Ahead of the upcoming US FDA advisory committee meeting, concerns have been raised about the clinical trials, manufacturing, and preclusive nature of Sarepta Therapeutics' gene therapy for Duchenne muscular dystrophy (DMD).[0] The therapy, known as SRP-9001, is designed to address the underlying cause of DMD through the targeted production of functional components of dystrophin in muscle tissue.[1] DMD is a rare, fatal neuromuscular genetic disease that affects approximately one in every 3,500-5,000 newborn males worldwide.[2] The condition is characterized by a mutation that leads to a lack of dystrophin and muscle loss, resulting in weakness that worsens over time and most patients die by their early 20s.[3]

The FDA released briefing documents raising concerns about the therapy's ability to safely and effectively treat patients.[3] FDA staff reviewers noted that the clinical trial data did not provide clear evidence of clinical benefit and that the gene therapy might pose safety risks, such as liver injury, and that patients who receive it might be ineligible for other clinical trials.[4] The FDA plans to decide whether to approve SRP-9001 by May 29, although the agency is not required to follow its advisory committee's advice, but it often does.[5]

Sarepta presented a complicated mix of results from animal and human studies in support of its application for accelerated approval of SRP-9001.[6] Dr. Craig McDonald from the University of California, Davis, who testified on behalf of the company, said that there is evidence micro-dystrophin levels after treatment are a good measure of its effectiveness, and that Sarepta does have preliminary evidence the treatment is, in fact, helpful.[6] However, critics have raised concerns that confirmatory trials for drugs that have received accelerated approval can take years, and have sometimes been delayed, which results in expensive drugs with uncertain efficacy remaining on the market for years.[7]

The FDA advisory committee will discuss the clinical implications of Sarepta's findings to date, as well as the potential risks, benefits, and uncertainties of accelerated approval of SRP-9001.[1] The panel will vote on whether the benefits and risks support an accelerated approval of SRP-9001 based on microdystrophin expression.[8] The agency is expected to decide by the end of May, and while the FDA is not bound by the recommendations of its outside advisers, it usually follows them.[6]

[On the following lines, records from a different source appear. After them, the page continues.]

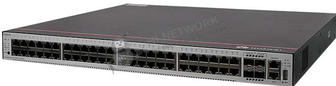
Figure 1 shows the appearance of S5735S-L48P4S-A.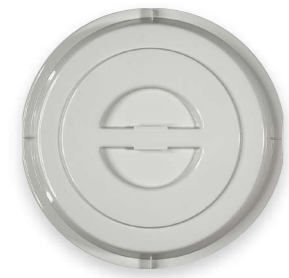
9" Grey Plate Cover PBT * No. 9441237-10113 H1½" 6 pcs. Fits 9" Comfort Bowl and 9" Special Deep Rim Bowl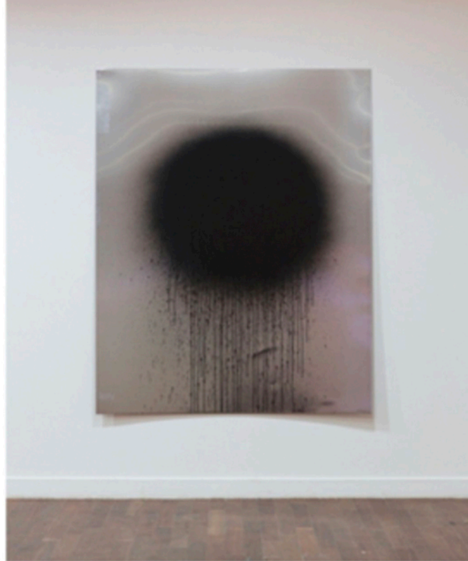
Jinny Yu , Black Matter , 2013. Ink on aluminum, 69"x43".

Please note that images are for illustrative purposes; loan requests are pending.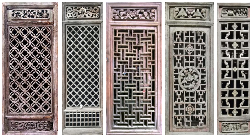
Figure 2. Examples of Hollow-out carving.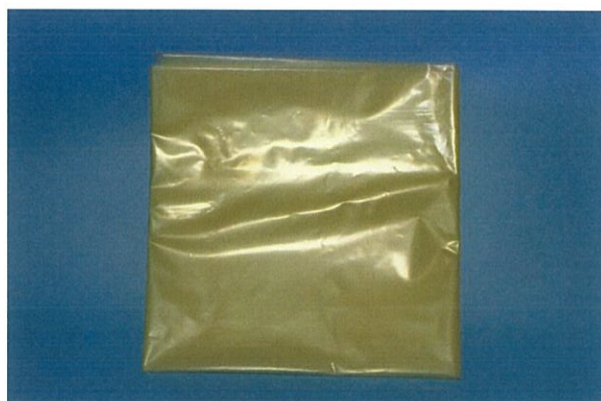
Similar material as 1#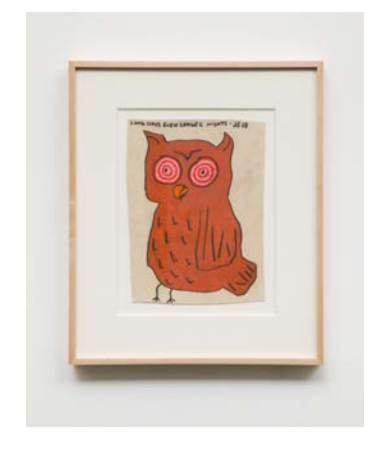
Long Days Even Longer Nights, Red Pink 2018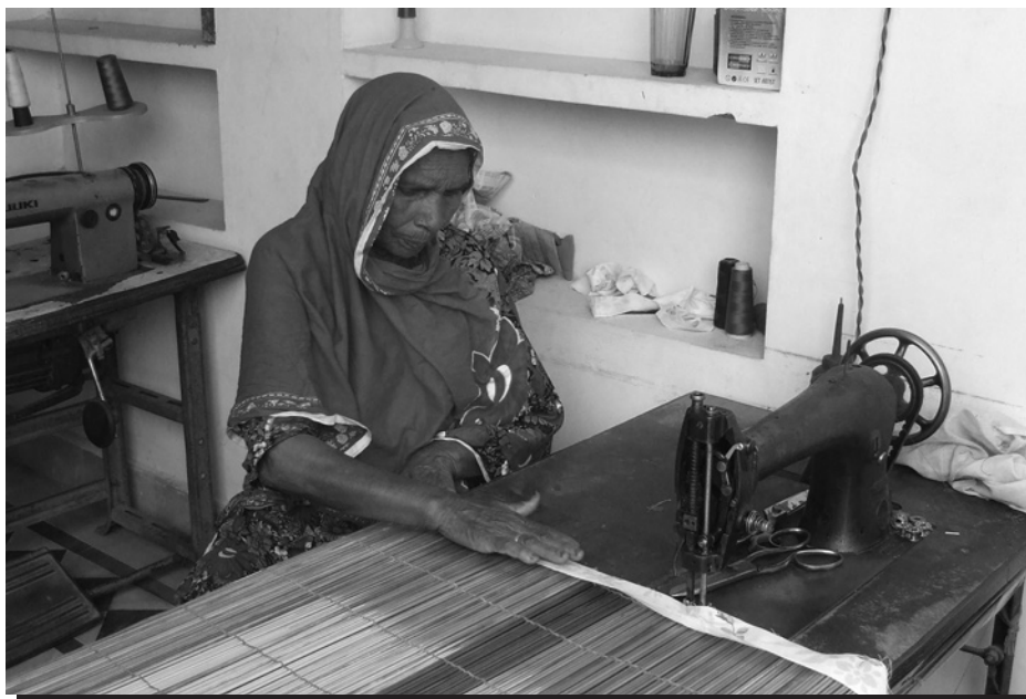
Home-based worker making reed mats in Kasur, Pakistan.

The current global economic crisis has hit the global workforce very hard and few economic actors have been insulated from the shocks. Initially, media and policy attention was confined to analysis of the global financial sector and the macroeconomic situation. Attention has now turned to the impact of the crisis on the real economy in both the developed and developing worlds, and many are concerned that the crisis could gravely afflict emerging markets and developing countries, effectively destroying the economic progress of recent years. The developing world is home to a major proportion of the global poor, for whom the consequences of the crisis could be especially severe, given their slim margins for survival in the best of times. 1 And yet, as the crisis transformed into a recession, and the recession spread across borders, the informal economy has remained largely absent from public and media attention. This is a particularly glaring omission given that a majority of the world's poor and vulnerable workers rely on the informal economy as a source of employment and income.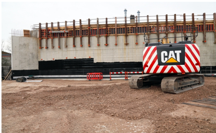
Roll of Deckdrain ready for next horizontal lift with no delay or interference with backfill operation

Deckdrain wrapped around perforated pipe feeding water directly into the pipe. Geotextile prevents backfill clogging inlet holes.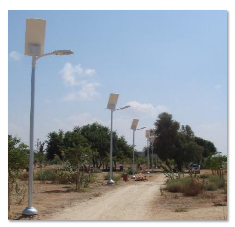
HighLight ALPHA – Remote parks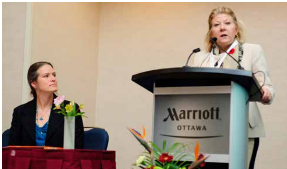
Conservative MP from Ontario, Lois Brown, addresses participants during opening night of the CAM conference.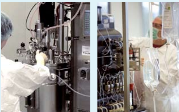
Fig. 3: Bioreactor and protein purification equipment for fermentation and downstream processing

— stringent manufacturing processes and quality control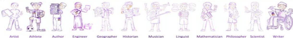
Artist Athlete Author Engineer Geographer Historian Musician Linguist Mathematician Philosopher Scientist Writer

The decision on SRP-9001 is crucial for the patient community, who are in urgent need of new therapies. DMD is a debilitating and life-threatening disease that affects thousands of boys globally, and there is currently no known cure. With the May 29 action date fast approaching, Sarepta will work collaboratively with the FDA to complete the review of its BLA for SRP-9001.[9]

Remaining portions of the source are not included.